## [Source data]
******

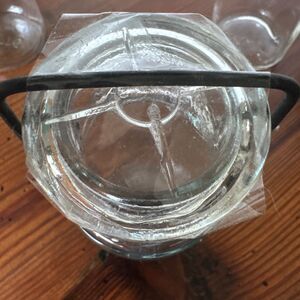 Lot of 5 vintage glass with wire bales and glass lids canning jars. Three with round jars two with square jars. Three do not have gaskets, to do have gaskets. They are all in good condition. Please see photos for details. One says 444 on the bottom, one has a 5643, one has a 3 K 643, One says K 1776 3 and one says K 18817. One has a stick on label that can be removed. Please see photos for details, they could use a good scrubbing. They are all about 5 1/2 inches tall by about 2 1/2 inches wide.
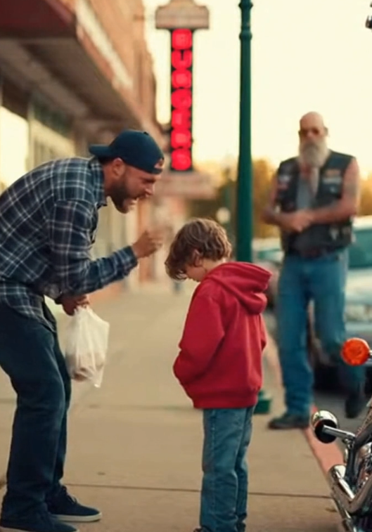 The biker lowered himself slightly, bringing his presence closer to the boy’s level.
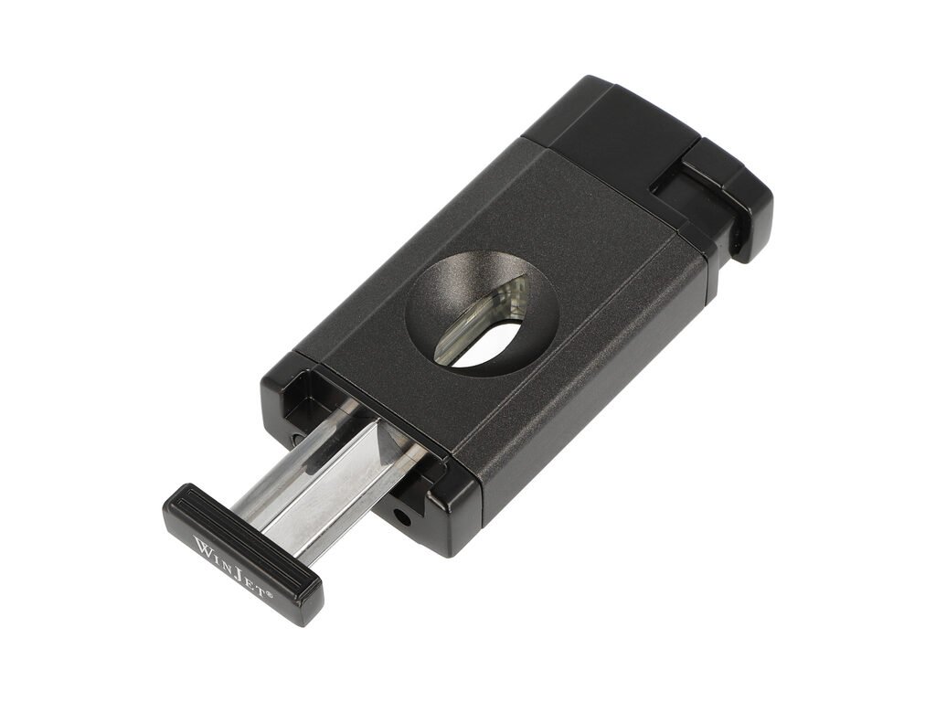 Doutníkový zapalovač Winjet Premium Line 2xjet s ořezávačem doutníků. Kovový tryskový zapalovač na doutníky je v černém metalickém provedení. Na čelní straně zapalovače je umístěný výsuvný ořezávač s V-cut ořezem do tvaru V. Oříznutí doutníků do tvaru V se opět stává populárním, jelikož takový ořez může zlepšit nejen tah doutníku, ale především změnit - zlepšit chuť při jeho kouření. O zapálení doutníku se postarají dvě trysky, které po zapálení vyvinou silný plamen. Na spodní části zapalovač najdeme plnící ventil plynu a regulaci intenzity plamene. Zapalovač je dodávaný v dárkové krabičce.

******

Give the data again exactly as written, with all pictures left out.

 Lot of 5 vintage glass with wire bales and glass lids canning jars. Three with round jars two with square jars. Three do not have gaskets, to do have gaskets. They are all in good condition. Please see photos for details. One says 444 on the bottom, one has a 5643, one has a 3 K 643, One says K 1776 3 and one says K 18817. One has a stick on label that can be removed. Please see photos for details, they could use a good scrubbing. They are all about 5 1/2 inches tall by about 2 1/2 inches wide.
 The biker lowered himself slightly, bringing his presence closer to the boy’s level.
 Doutníkový zapalovač Winjet Premium Line 2xjet s ořezávačem doutníků. Kovový tryskový zapalovač na doutníky je v černém metalickém provedení. Na čelní straně zapalovače je umístěný výsuvný ořezávač s V-cut ořezem do tvaru V. Oříznutí doutníků do tvaru V se opět stává populárním, jelikož takový ořez může zlepšit nejen tah doutníku, ale především změnit - zlepšit chuť při jeho kouření. O zapálení doutníku se postarají dvě trysky, které po zapálení vyvinou silný plamen. Na spodní části zapalovač najdeme plnící ventil plynu a regulaci intenzity plamene. Zapalovač je dodávaný v dárkové krabičce.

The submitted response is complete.